[Supplied information — start]

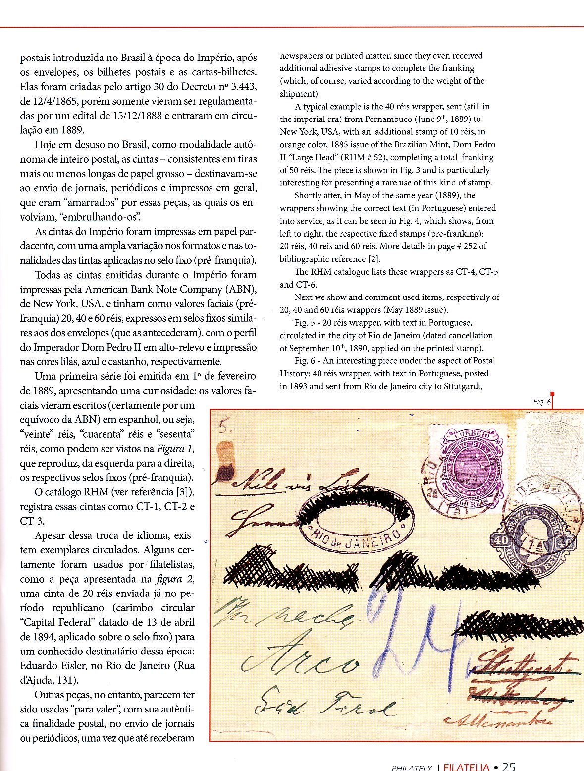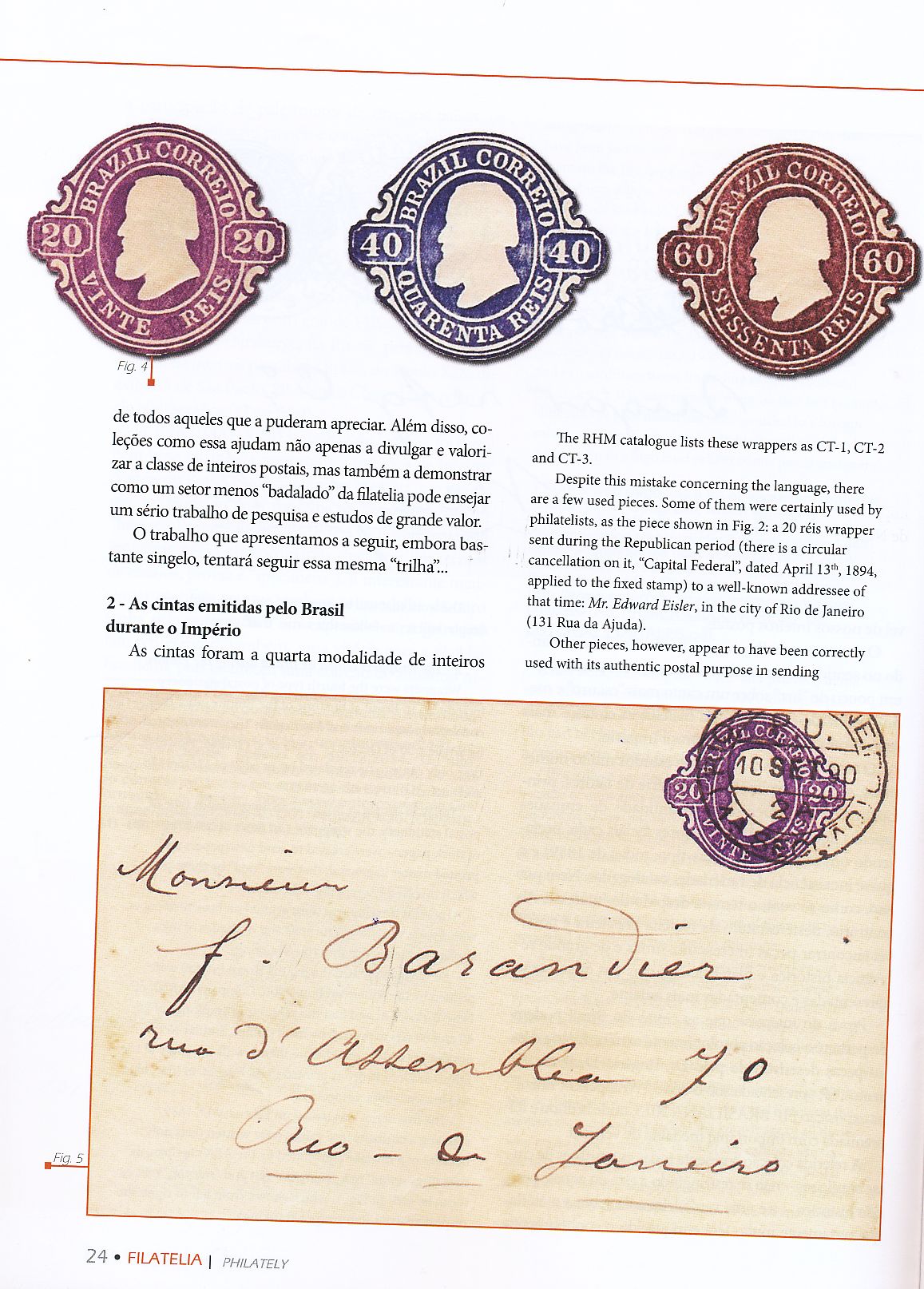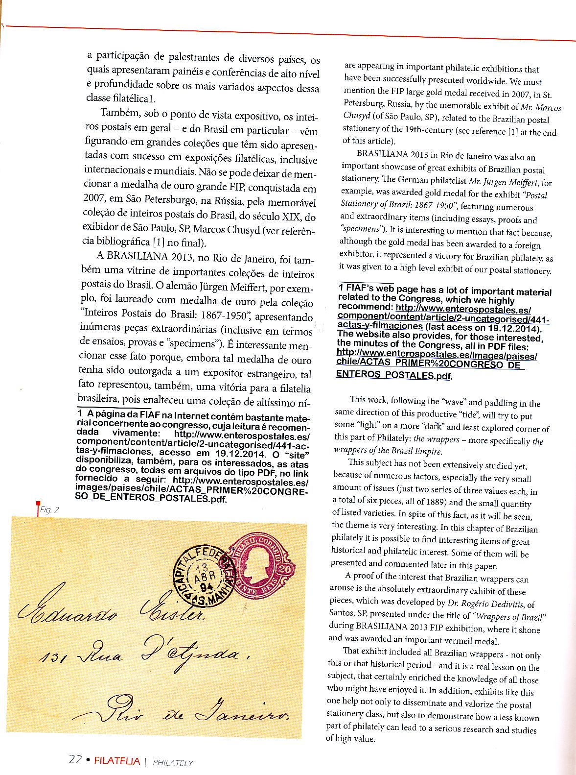 Otra figura importante dentro de los enteros postales americanos es José Carlos Vasconcellos, en la Revista Filatelia de la Federación Brasileña de Asociación Filatelicas, escribe este interesantísimo artículo sobre los enteros Brasileños del Imperio.-
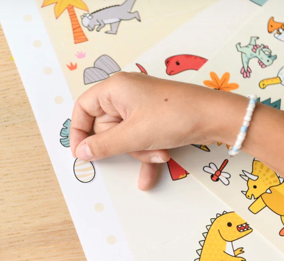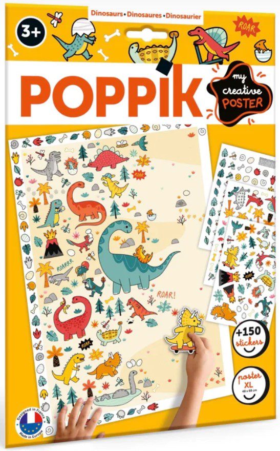 Το παιδί ξεδιπλώνει την αφίσα και κολλάει πάνω τους αστείους δεινόσαυρους, ενώ εφευρίσκει τις δικές του ιστορίες. Τα αυτοκόλλητα είναι ημι-επανατοποθετημένα, ώστε να μπορούν να αντικατασταθούν μία ή δύο φορές. Εάν είναι απαραίτητο, παρέχεται ένα παράδειγμα στο πακέτο. Μόλις ολοκληρωθεί, αυτή η υπέροχη αφίσα θα μπορεί να διακοσμήσει το δωμάτιο!
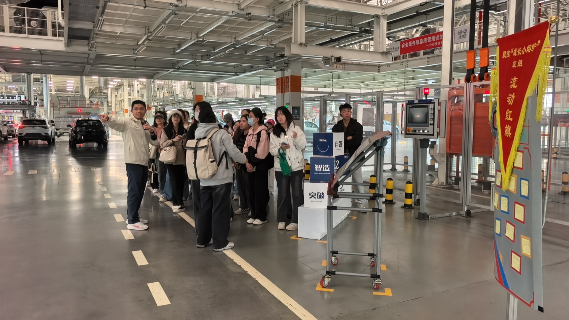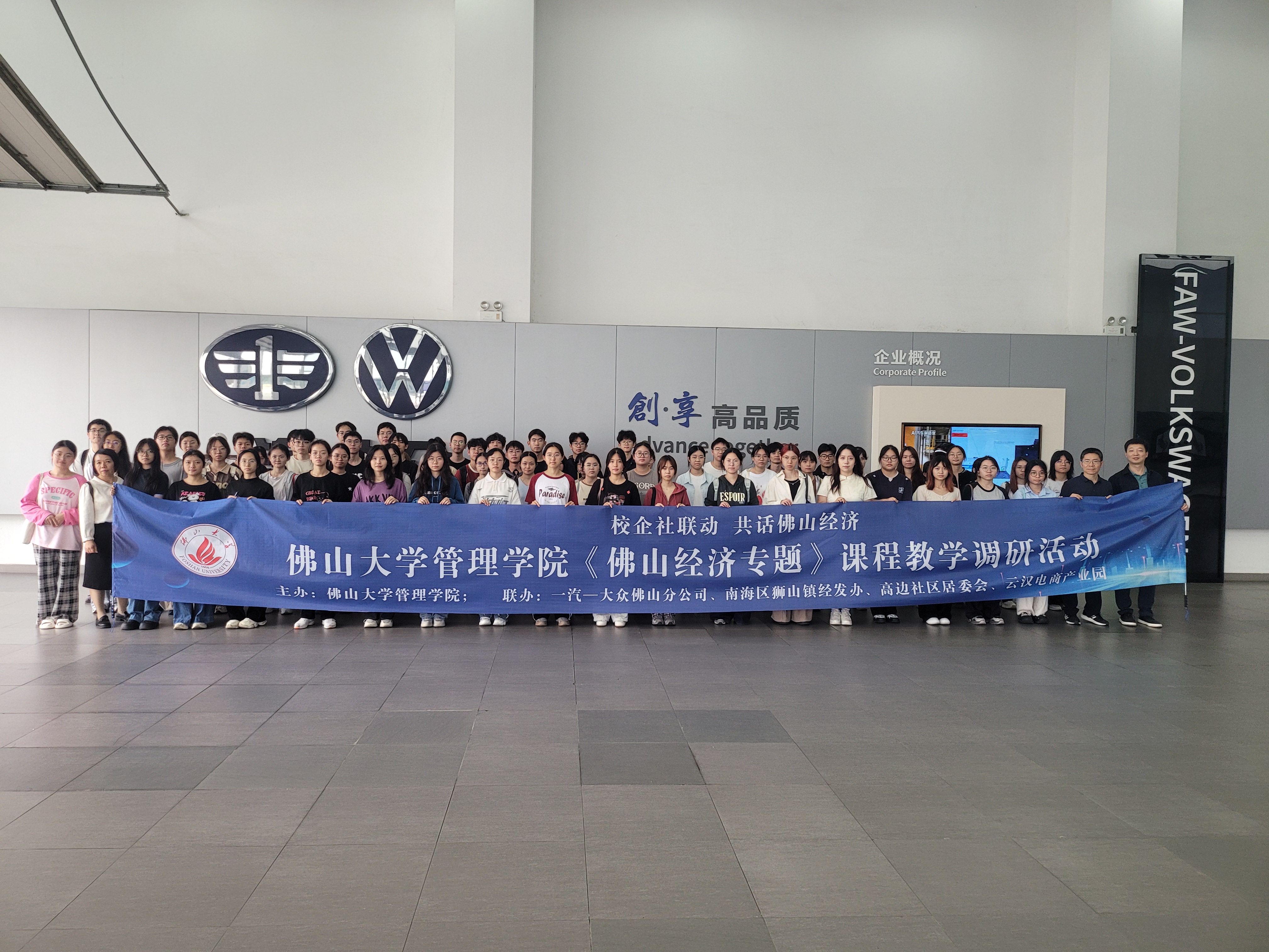 本次活动以一汽-大众华南基地与高边社区璜溪古村为实践载体,构建了一场跨越时空的奇妙之旅。作为世界500强车企的智能制造标杆,一汽-大众华南基地展现了佛山现代工业的硬核实力。其自动化生产线、数字化管理平台等先进技术,彰显了佛山制造业向高端化、智能化迈进的坚定步伐。踏入一汽-大众华南基地,同学们便被其庞大的规模和先进的技术所震撼。
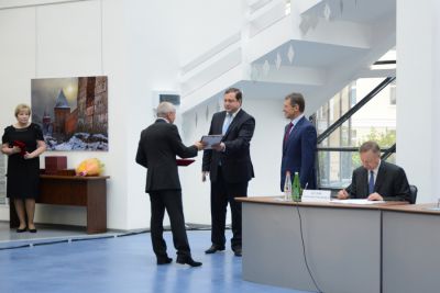 В завершение итогового заседания организационного комитета Дмитрий Козак, Александр Беглов и Алексей Островский выполнили почетную и приятную миссию – вручили Благодарственные письма полномочного представителя Президента России в ЦФО, награды и памятные знаки руководителям организаций и коллективов, особо отличившихся при подготовке к празднованию юбилея города Смоленска.
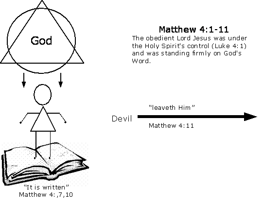 But this is not what the Bible teaches. The Lord Jesus did not use His supernatural and divine powers to defeat the devil. Rather, He faced Satan as a man (compare Jesus quote in Matthew 4:4, "man shall not live by bread alone"), and this gives great hope and encouragement to every believer. We can win the victory in the same way that Jesus won the victory! We can resist Satan just as Christ did! We can do exactly what He did! Yes, the temptation of Christ was a wonderful demonstration that man, walking in the Spirit, using and relying upon the Word of God, is more than a match for Satan!

[Supplied information — finish]

*Work order*:
All lines from the one holding "本次活动以一汽-大众华南基地" through the last line of the entries, and nothing else, are to be output exactly; leave out the pictures.

*Written solution*:
 本次活动以一汽-大众华南基地与高边社区璜溪古村为实践载体,构建了一场跨越时空的奇妙之旅。作为世界500强车企的智能制造标杆,一汽-大众华南基地展现了佛山现代工业的硬核实力。其自动化生产线、数字化管理平台等先进技术,彰显了佛山制造业向高端化、智能化迈进的坚定步伐。踏入一汽-大众华南基地,同学们便被其庞大的规模和先进的技术所震撼。
 В завершение итогового заседания организационного комитета Дмитрий Козак, Александр Беглов и Алексей Островский выполнили почетную и приятную миссию – вручили Благодарственные письма полномочного представителя Президента России в ЦФО, награды и памятные знаки руководителям организаций и коллективов, особо отличившихся при подготовке к празднованию юбилея города Смоленска.
 But this is not what the Bible teaches. The Lord Jesus did not use His supernatural and divine powers to defeat the devil. Rather, He faced Satan as a man (compare Jesus quote in Matthew 4:4, "man shall not live by bread alone"), and this gives great hope and encouragement to every believer. We can win the victory in the same way that Jesus won the victory! We can resist Satan just as Christ did! We can do exactly what He did! Yes, the temptation of Christ was a wonderful demonstration that man, walking in the Spirit, using and relying upon the Word of God, is more than a match for Satan!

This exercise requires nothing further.